# Building a fake rock background - The definative guide



## Jonny357 (Nov 8, 2008)

Im half way through building a fake rock back ground for my chinese water dragon and i though id right a step by step guide. alot of people post pics of the finished product but it can be difficult to work out how they did it! so here goes....

Materials you will need:

polystyrene / space foam
sharp stanley knife
Plaster-board saw
No More Nails (prefereably the tube and gun version)
brush
fine sandpaper (wet and dry paper works well)
tile grout
paint (emulsion or acrylic)
sealent (G4 pond sealent, epoxy resin, boat varnish)
strong paintbrush
A very understandng girlfriend

Step one

visualisation - the most important part of the process, make sure you have a clear idea of what you are setting out to achieve, draw a few pictures, designs etc

Step two

construction. i found space foam much much more suitable than polystyrene, its far denser and easier to care, and does not break up into small balls/chunks. you can get it from b&q for 20 quid for four times 4ft by 1.75ft sheets.

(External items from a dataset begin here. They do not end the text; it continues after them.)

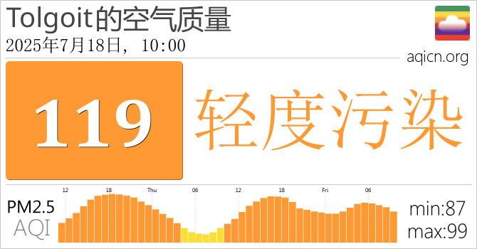 Tolgoit, Ulaanbaatar的空气污染指数是轻度污染
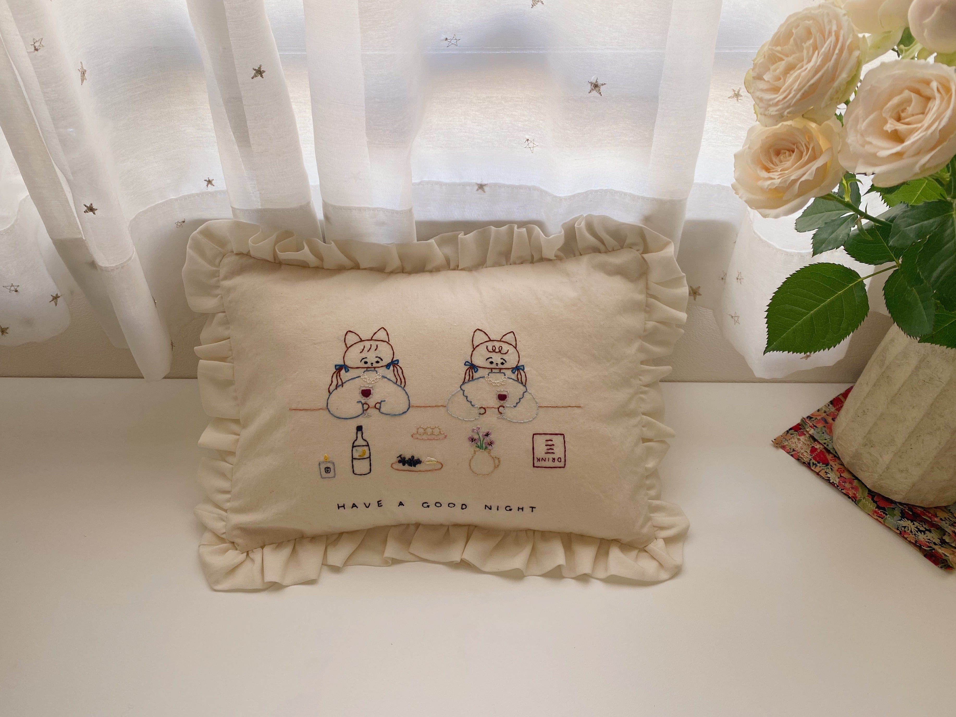 Little Frilled Cushion HAVE A GOOD NIGHT - Blue
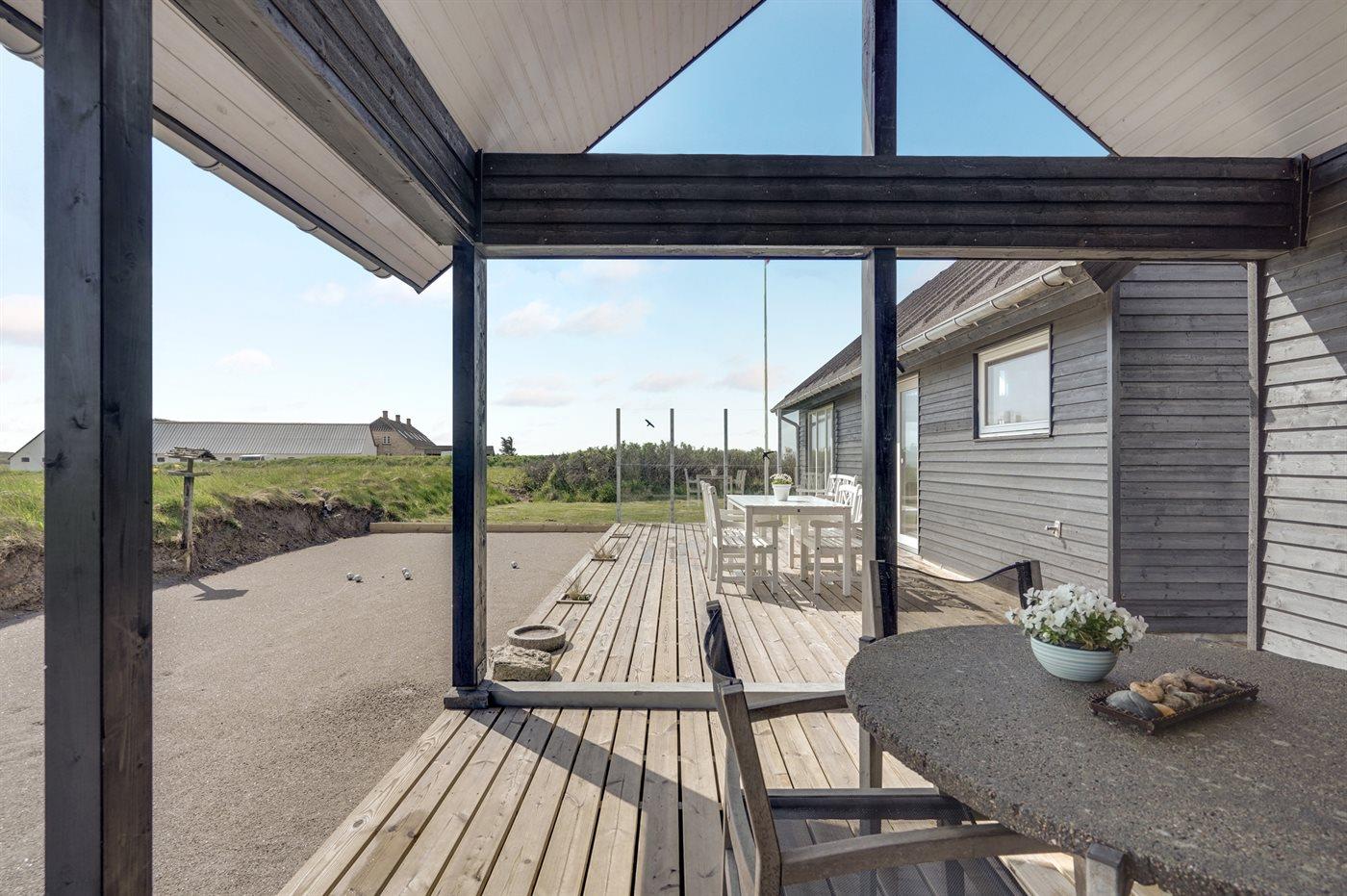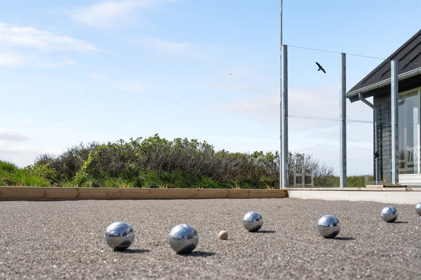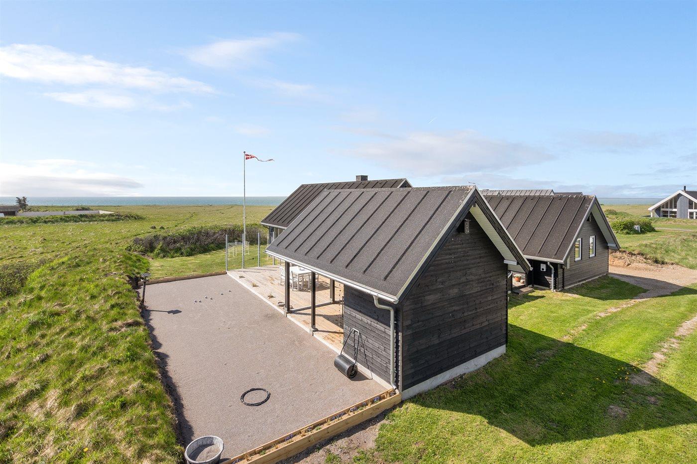 Ferieboligen er beliggende på en 1250 m² stor naturgrund. Der er 200 m til havet. Nærmeste forretning er beliggende i en afstand af 1000 m. Til ferieboligen hører 95 m² terrasseareal. Desuden er der 20 m² overdækket terrasse. Petanque. Grill til rådighed. Der er installeret stik til opladning af elbil. Med 11 kW ladeeffekt. Parkering ved ferieboligen.

Using the plaster board saw cut out the desired shapes, it works a damned sight better that hacking away with a knife, and its flexible blade and knife handle mean it has it can easily cut corners, waves, notches as you saw. you will find this creates a very rough unsightly egde when cut. use the brush to remove excess foam. do not glue them together yet

then use the stanley knife to bevel and shape the areas along the cut to give it a more rock like shape. cut notches in the top of the background and continuing them downwards as cracks looks especially good. you will want to use a stanley with a long flexible blade. if you extend the blade to its fullest you will be able to use its flexiblity to cut concave shapes out of the flat board giving you greater texture and depth.

Once you are happy with your indiviual shapes and formations you will need to sand them down. while you may think that the lumpy rough areas left by the saw may provide good texture, they are not, as they are a bitch to grout over, and most rock formations have a natually smooth shape due to erosion by wind and water. use the sand paper to smooth these off, and over the flat surfaces to remove the texture of the poly or space board. make sure any platform/ledges you build are well supported as they will not support themselves and the lizard without any form of support structure

once smooth and sculpted its now time to glue them together. you realy cant skimp here, use no more nails, dont use own brand grab adhesive. i tried with b&q's own grab adhesive and it didnt prove to be anywhere near strong enough. dont skimp on the glue and make sure you seal around the edges with glue

Grouting

You will need to leave your construction to dry for around 24 hrs as the adhesive needs air to cure, and so if you grout over it straight away the glue will not dry. once the glue is dry its time to grout apply with a sturdy paintbrush. you can get 1kg boxes of grout powder for around £4. its best to use the powder rather than ready mix as that way you have a greater degree of control over the viscosity of your grout. your best bet is to use wall tile grout that is water proof and suitable for showers/swiming pools etc. however, if possible find one that does not contain fungicides as these can be harmful, however its next to impossible to find ones that dont. 

the first coat needs to be very runny in order to fill all the pours in the board. dont be tempted to use few thicker coats as this will leave you with a difficult texture. after this i would advise applying two thicker coats to fill and smooth over the background, giving it a more natural, organic look. also these provide most of the strenght. finally a last runny coat will help to fill in all the little gaps/holes created by the grout itself. when you apply this, take time to ensure its well work into the background with the brush and you will be rewarded with a nice smooth, well textured final result

make sure the each layer of grout has plenty of time to dry between each coat, as with the adhesive if you grout over a damp layer it will not dry, and will fall off and break appart fairly quckily.

Painting

which paint you use is entirely up to you. i used emusion as it is cheaper in large qaunties, however make sure you look on the back of the time and choose one that is low VOC (volatile organic compound) acrylic is also entirely acceptable. emulsion is good however it is not as waterproof as acrylic, i will explain sealing later.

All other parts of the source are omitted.